_Assignment:_ Each line of the data must reappear exactly in your answer, with no images included.

_Data block:_
#####

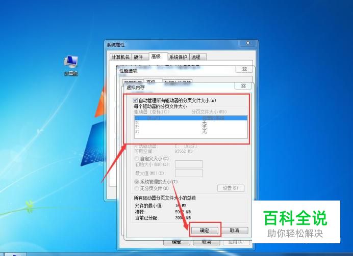 虚拟内存 会弹出【虚拟内存】窗口,可以在这里更改虚拟内存,更改完成之后,点击【确定】按钮,如下图所示。
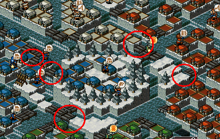 赤軍に入って来られないように柵を作って阻止します。しかし、このままだと赤軍がどんどんたまってしまうので、時計のちょっと下に橋をかけて赤軍と青軍を戦わせるようにします。また、自軍の下の橋には柵をつくっておいて味方のオートの兵士が勝手に下に行かないようにします。
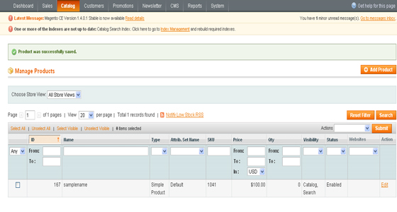 Once you create the new product and save it it will appear in the products list for your Magento store.
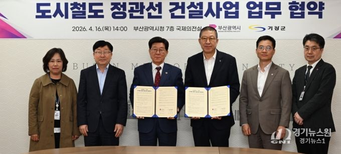 [경기뉴스원/경기뉴스1] | 기장군은 4월 16일 오후 2시, 부산시청 국제의전실에서 부산시와‘도시철도 정관선 건설사업 기본 협약’을 체결하고 정관선 조기 건설에 박차를 가한다고 밝혔다.

#####

_Answer section:_
 虚拟内存 会弹出【虚拟内存】窗口,可以在这里更改虚拟内存,更改完成之后,点击【确定】按钮,如下图所示。
 赤軍に入って来られないように柵を作って阻止します。しかし、このままだと赤軍がどんどんたまってしまうので、時計のちょっと下に橋をかけて赤軍と青軍を戦わせるようにします。また、自軍の下の橋には柵をつくっておいて味方のオートの兵士が勝手に下に行かないようにします。
 Once you create the new product and save it it will appear in the products list for your Magento store.
 [경기뉴스원/경기뉴스1] | 기장군은 4월 16일 오후 2시, 부산시청 국제의전실에서 부산시와‘도시철도 정관선 건설사업 기본 협약’을 체결하고 정관선 조기 건설에 박차를 가한다고 밝혔다.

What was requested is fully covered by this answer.